ARGUMENT 11 INRP
… CNI…
DONNEES POUR UNE STATEGIE POLITIQUE.. ( NOVEMBRE 2000)
Grâce à la messagerie électronique, beaucoup ont pris
connaissance de différents écrits récents de Ph. Meirieu , de diverses réaction
(Véronique Decker). Le déclencheur actuel est Madelin… Cet "argument"
travaillé par R et R Millot et Georges Hervé s'efforce de poser le problème
politique sur lequel il faut se faire entendre.

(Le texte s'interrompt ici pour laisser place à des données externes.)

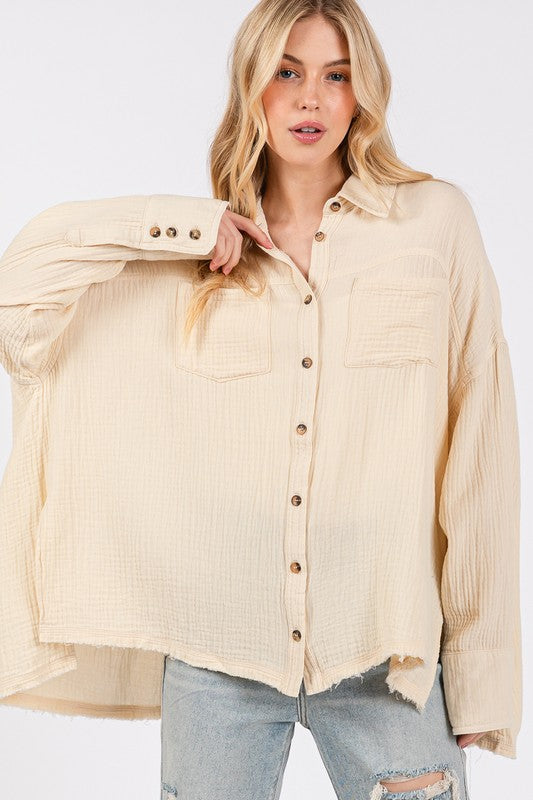 A frayed hem side slit button-down shirt is a chic and contemporary take on a classic wardrobe staple. The frayed hem adds a trendy and edgy element to the traditional button-down shirt design. Side slits offer a modern twist and allow for ease of movement and added visual interest. This versatile shirt can be dressed up with tailored pants or down with jeans for a stylish and effortless look.

ECOLES INNOVANTES, EXPERIMENTALES, PILOTES, EN RUPTURE,
ALTERNATIVES etc…
1 PREAMBULE
Les militants et associations qui actuellement unissent
leurs forces, se fédèrent pour certaines, et vont se rencontrer
notamment le 16 décembre 2000 à l'Ile Saint-Denis, récusent toute
assimilation de leurs projets et objectifs au libéralisme économique et
politique.
Ils agissent dans le cadre de l'Education Nationale et
cherchent les moyens d'engager concrètement des réformes qui paraissent
indispensables à beaucoup mais qu'il n'est pas possible d'imposer par voie
d'Instructions Officielles. Ils n'entendent pas "remédier" à certains
dysfonctionnements locaux mais
transformer l'ensemble de l'Ecole, même s'ils approuvent certaines
actions d'urgence. Leurs projets ou réalisations cherchent à réaliser
véritablement la mixité sociale dans des "écoles créatrices
d'humanité" et visent à faire de l'éducation "l'affaire de tous"

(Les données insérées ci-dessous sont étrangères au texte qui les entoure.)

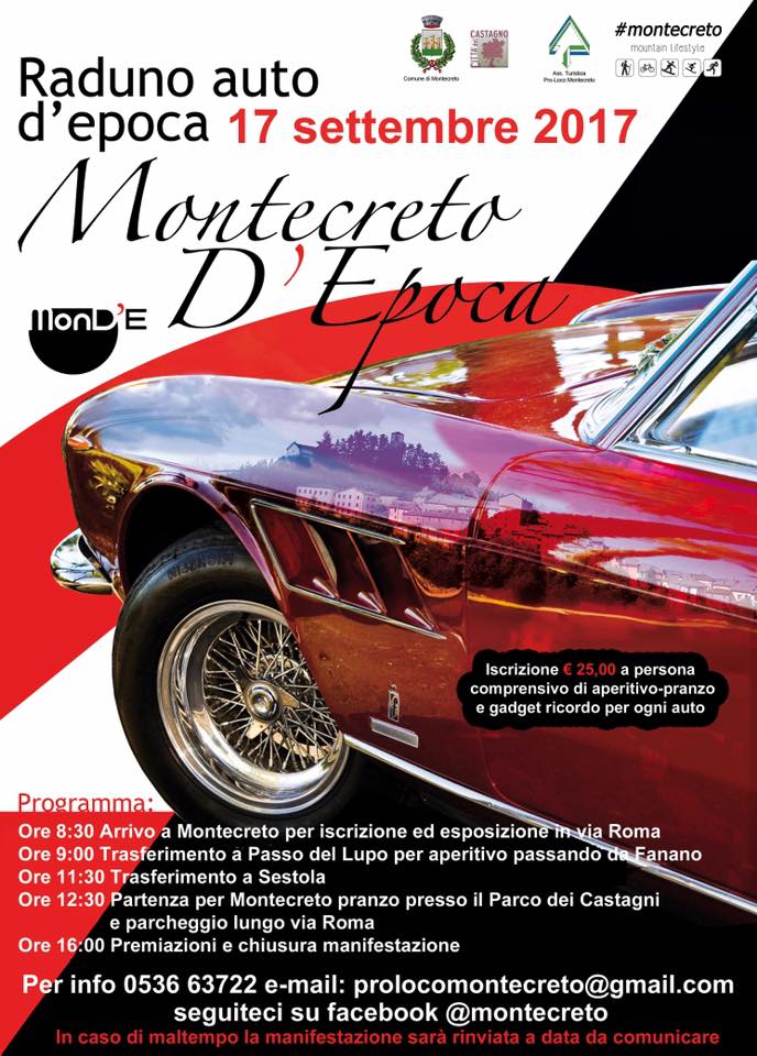 Il raduno inizierà alle ore 8 di domenica 17 settembre con la mostra delle autovetture partecipanti, che verranno posteggiate lungo via Roma; alle 9 partirà il giro panoramico, che terminerà all’ora di pranzo con un momento conviviale per tutti i partecipanti, che gioiranno delle prelibatezze gastronomiche preparate dalla Pro Loco di Montecreto. Gli scorsi anni hanno preso parte alla manifestazione auto storiche datate dagli anni ’30, con la sfilata di Bugatti, Ferrari, Maserati, Fiat e tante altre casate nazionali e internazionali.

( les "initiatives citoyennes", tout comme les écoles
"ouvertes" traduisent une des applications de cette idée).
2 LA SITUATION
2.1
les militants des
divers mouvements pédagogiques réalisent depuis longtemps tout ou partie de ces
objectifs, le plus souvent dans l'isolement au sein d'établissements parfois
hostiles, sans possibilité d'évaluation, de validation et donc de
généralisation.
2.2
Des écoles , collèges expérimentaux ou "chargés
d'expérimentation" ont pu fonctionner dans le cadre, notamment, de l'INRP.
Mais cet organisme n'a jamais obtenu les moyens d'assurer, d'une
manière durable, acceptée par l'administration, les conditions optimales
de fonctionnement, de suivi, d'accompagnement, d'évaluation pour ces
établissements.
2.3
La nomination de Philippe Meirieu à la tête de l'NRP et les
ambitions réformatrices du ministère Allègre ont pu donner l'espoir de voir
corrigés les incohérence et le déficit de la recherche et de
l'innovation.
2.4
La démission de Ph.Meirieu a coupé court à cet espoir.

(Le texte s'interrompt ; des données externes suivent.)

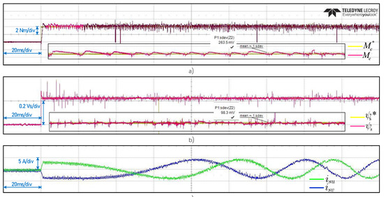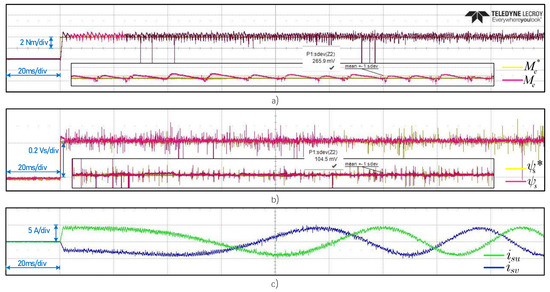 In this experimental evaluation, the torque reference is set from 0 to 4 Nm; and the flux reference is set to 0.22 Vs. The reference flux has been calculated according to the maximum torque value. The experimental results shown a fast dynamic torque and flux response, which successfully follows the torque and flux reference. In Figure 4a and Figure 5a, the torque response reach the reference value in approximately 2 ms for both controllers. According to the scope measurements, the torque ripple of the conventional deadbeat control is equal to 0.265 Nm, and for the proposed deadbeat control is 0.254 Nm. In a similar way, in Figure 4b and Figure 5b the flux response reach the reference value in less than 1 ms. It can be observed some noise introduced in the flux measurement, this is attributed to the low resolution of the DAC used. In the flux results, a flux ripple of 0.104 Vs is obtained in the conventional deadbeat control, and a flux ripple of 0.098 Vs is obtained for the proposed deadbeat control. A detailed response of the machine variables is shown inside Figure 4a,b and Figure 5a,b, where a zoom is shown in the bottom of each figure. It can be noted that the torque and flux of the machine follow the reference successfully.

L'hostilité témoignée par certaines voix syndicales, les campagnes haineuses comme celles de Finkielkraut, l'arrivée
de J. Lang, n'auraient peut-être pas provoqué sa démission s'il avait été
soutenu par l'institution INRP. Ce qui n'a pas été le cas comme le montre sa
lettre au personnel que beaucoup d'entre nous connaissent.
2.5
Dans cette
situation, les militants associatifs souhaitent traduire concrètement le
besoin de changement qui s'est amplement manifesté (non sans confusions et
contradictions, y compris dans les syndicats enseignants, les fédérations de
parents). Ils ont reporté leurs espoirs sur le Conseil National de
l'Innovation, sans illusion, mais avec le sentiment de pouvoir arracher des
mesures significatives par l'établissement d'un rapport de force (nous y
travaillons obstinément).
2.6
les objectifs affichés du CNI mettant l'innovation au service "de la réussite
scolaire" sont apparus particulièrement restrictifs et sans rapport avec
nos ambitions, mais nous avons gardé espoir, bien que nous n'ayons obtenu aucune
réponse à nos lettres portant sur le "statut de l'innovation", la
défense du Centre de Lecture de Grenoble, etc…
2.7
les récentes déclarations d'Anne-Marie Vaillé à l'AEF, son
impuissance avouée à faire aboutir des opérations comme le
projet DECLIC 93, la
transformation d'un collège au Mans (en laissant entendre que la responsabilité de l'échec
revient "aux associations") deviennent cette fois franchement
inquiétantes. Elles tendent à donner raison aux analyses de Philippe
Meirieu d'une part, de Jean Foucambert (AFL/INRP) de l'autre, qui
voient dans le CNI un alibi masquant un immobilisme sans doute dû
moins à un manque d'idées qu'à des enjeux électoraux… (malheureusement,
on est toujours plus ou moins en période électorale !)
3. STRATEGIE
S'il faut continuer à construire le rapport de force, il
devient nécessaire d'en arriver à l'interpellation politique. C'est ce qu'a
fait Meirieu en démissionnant de la Direction de l'INRP, (à mon avis en
coupant les ponts d'une manière individualiste lorsqu'il établit l'équation
Lang = Bayrou) , ce qu'il réitère aujourd'hui dans son article au titre provocateur
"Vive Madelin" (Ce
"vive" exprime évidemment non une approbation mais le
souhait que les prises de position de Madelin forceront peut-être à poser politiquement le problème et les
choix nécessaires).
Il faut que les personnalités comme Meirieu,
Foucambert, qui nous critiquent parfois tout en approuvant la plupart de
nos objectifs, que toutes celles qui soutiennent REVEIL, le Manifeste, DECLIC 38 (qui vont
se fédérer dans "CHANGEONS L'ECOLE"), que les différents
mouvements pédagogiques et d'éducation populaire, que les groupes de réflexion
(Groupe des 14 où l'on trouve aussi les
fédérations de parents) se fassent publiquement entendre pour réclamer, outre
des réformes généralisables , la possibilité d'explorer tous les champs
du possible, du souhaitable, du réalisable, dans le cadre d'un puissant
organisme de recherche-action impliquant ce qui est sauvable (?) à l'INRP, dans les IUFM, les Instituts de
Sciences de l'Education etc…Cet organisme serait chargé de suivre et de
promouvoir par contrat des projets
"d'initiatives citoyennes" des "sites pilotes" ayant des
objectifs ambitieux (équipes, projets éducatifs, ouverture, transdisciplinarité
etc…) .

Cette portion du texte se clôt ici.